WORK REQUIRED: An exact copy is needed of the lines in the entries below from the line with "여자 한국식 활 단색" up to and including the line with "I was tasked", and of nothing else. Leave the pictures out.
START DATA TO EXAMINE
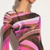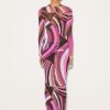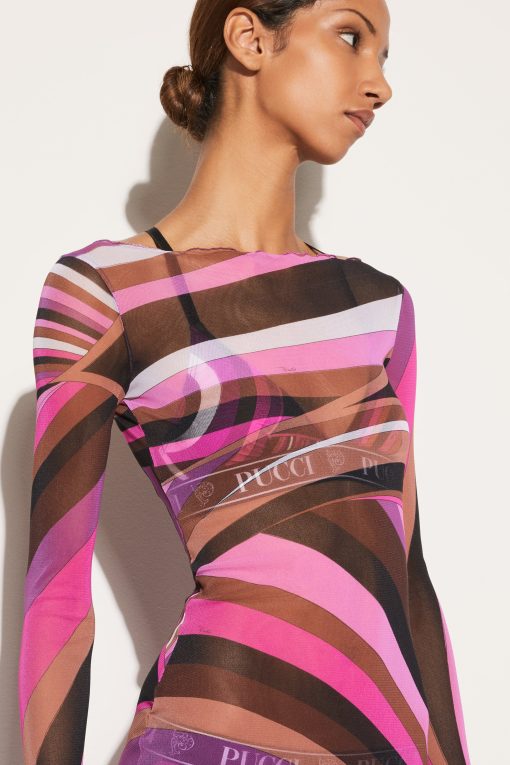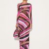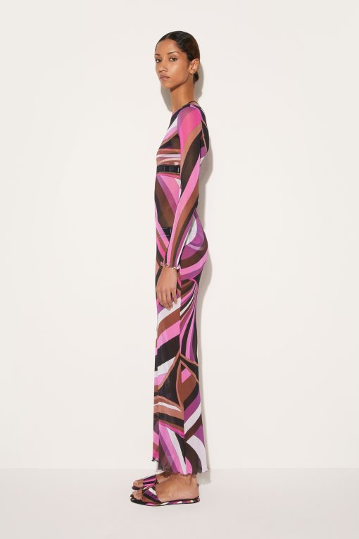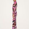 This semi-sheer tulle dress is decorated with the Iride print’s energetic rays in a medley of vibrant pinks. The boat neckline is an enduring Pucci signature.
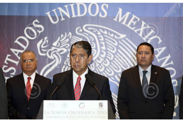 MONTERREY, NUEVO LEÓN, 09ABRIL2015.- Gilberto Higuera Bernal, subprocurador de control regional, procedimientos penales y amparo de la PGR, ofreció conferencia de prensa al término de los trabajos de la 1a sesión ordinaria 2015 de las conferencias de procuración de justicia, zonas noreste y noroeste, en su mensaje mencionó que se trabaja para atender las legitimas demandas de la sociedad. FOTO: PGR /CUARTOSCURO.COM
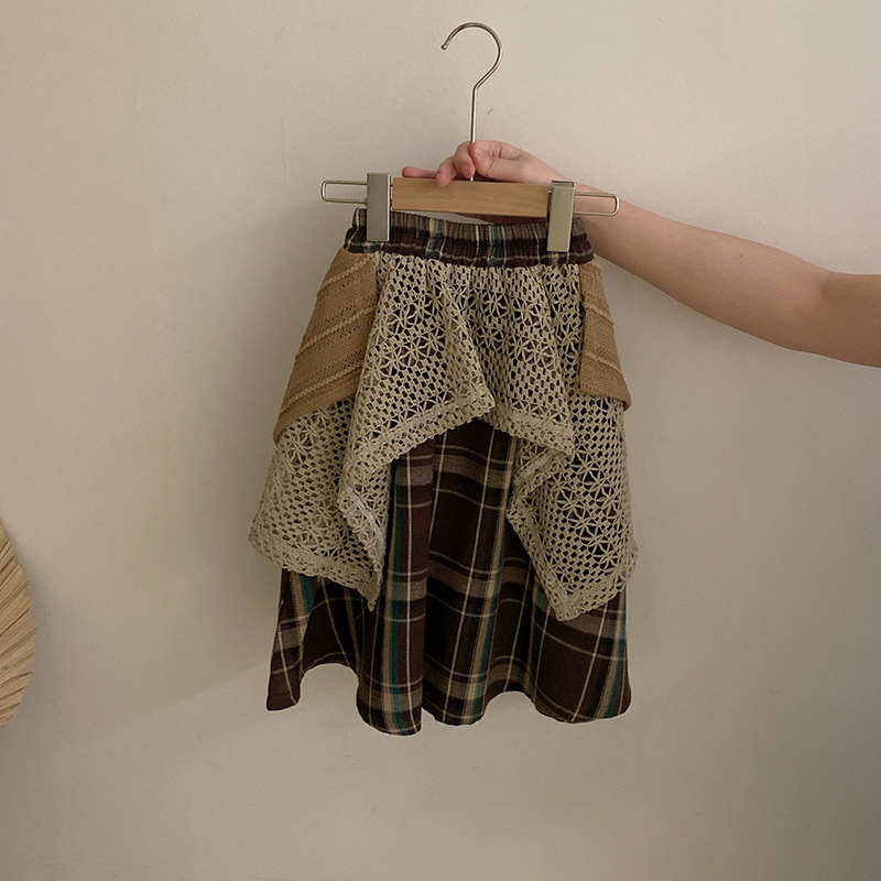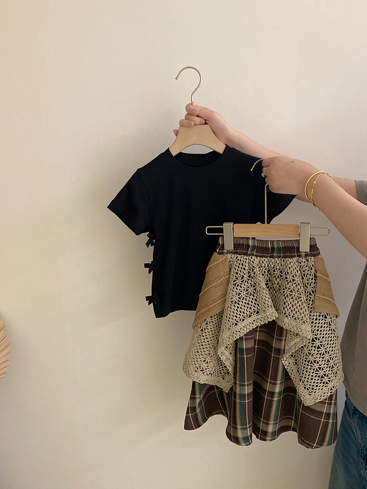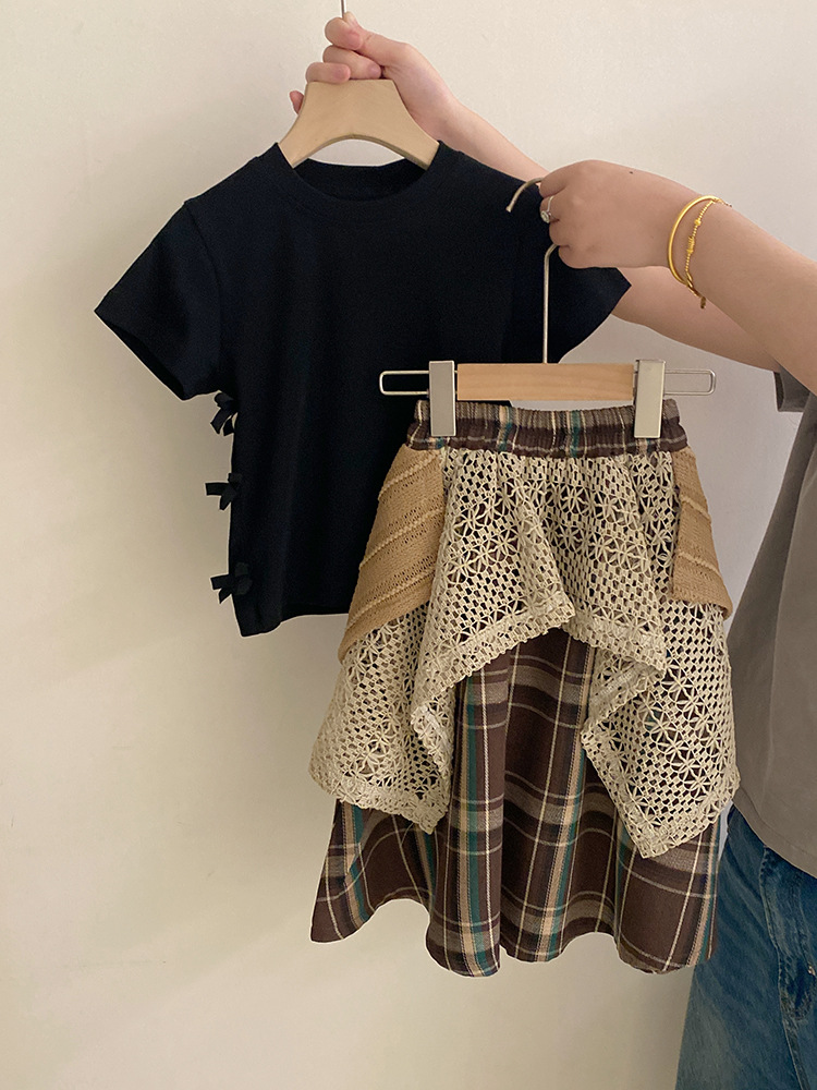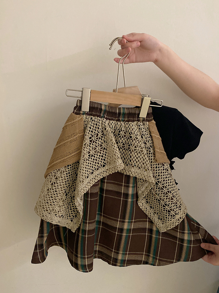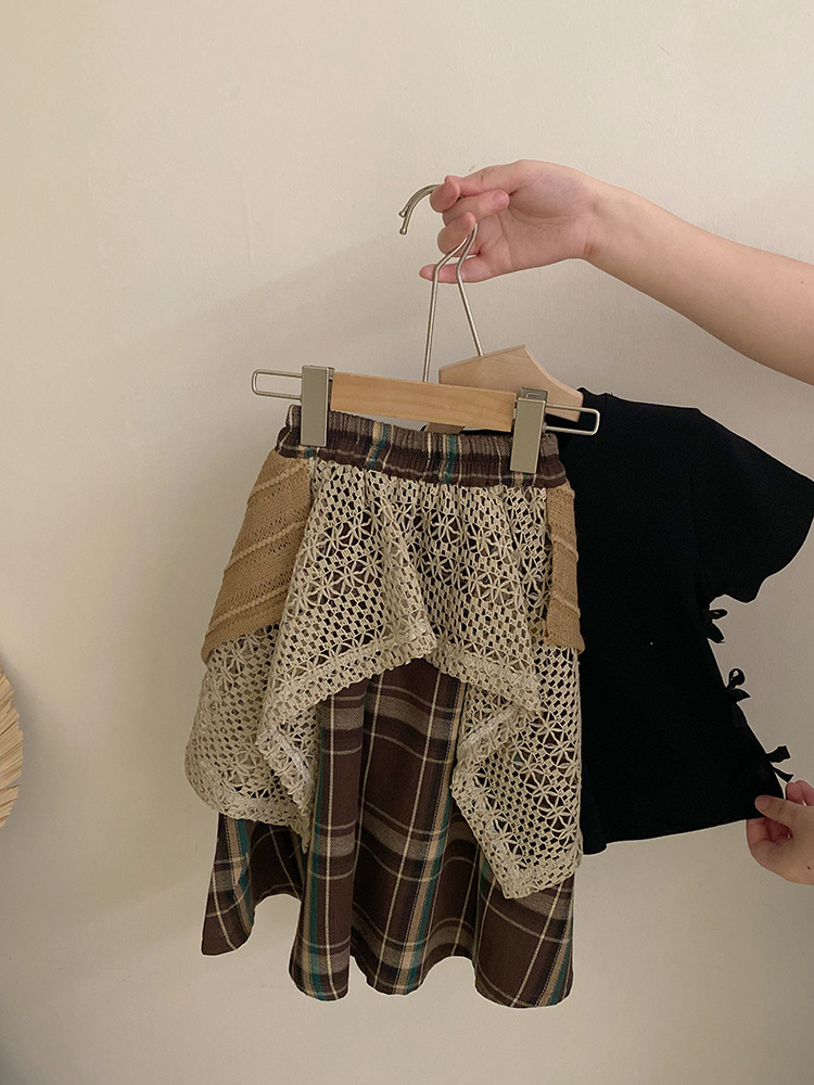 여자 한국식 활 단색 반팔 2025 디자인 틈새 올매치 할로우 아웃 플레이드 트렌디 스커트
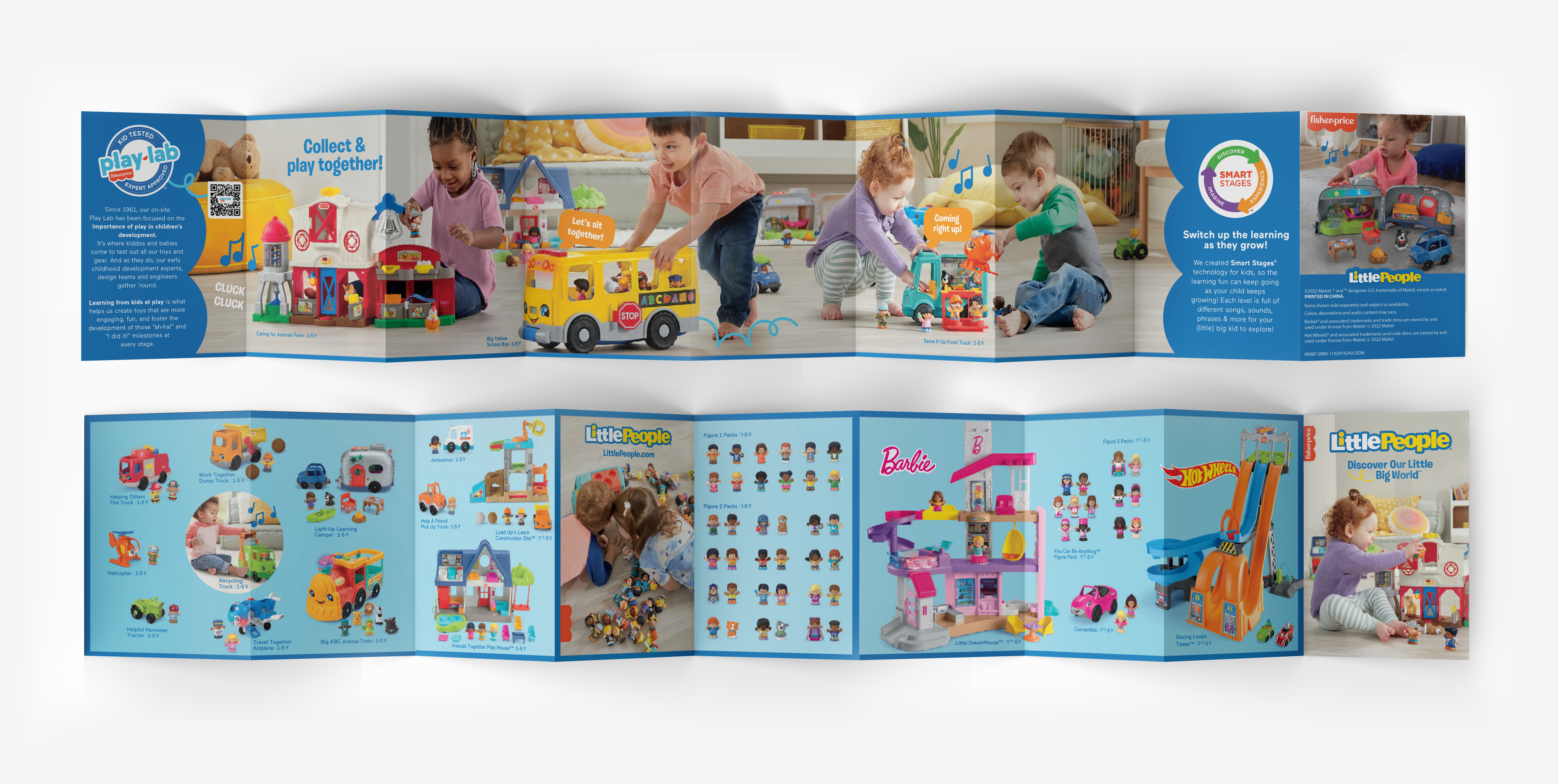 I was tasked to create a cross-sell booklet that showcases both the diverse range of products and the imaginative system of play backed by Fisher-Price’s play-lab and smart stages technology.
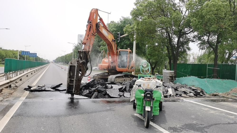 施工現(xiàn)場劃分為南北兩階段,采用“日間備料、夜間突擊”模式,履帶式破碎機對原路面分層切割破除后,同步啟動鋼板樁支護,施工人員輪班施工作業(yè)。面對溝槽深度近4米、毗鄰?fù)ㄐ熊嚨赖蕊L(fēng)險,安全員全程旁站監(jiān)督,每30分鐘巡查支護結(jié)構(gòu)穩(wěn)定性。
END DATA TO EXAMINE
RESPONSE AREA:
 여자 한국식 활 단색 반팔 2025 디자인 틈새 올매치 할로우 아웃 플레이드 트렌디 스커트
 I was tasked to create a cross-sell booklet that showcases both the diverse range of products and the imaginative system of play backed by Fisher-Price’s play-lab and smart stages technology.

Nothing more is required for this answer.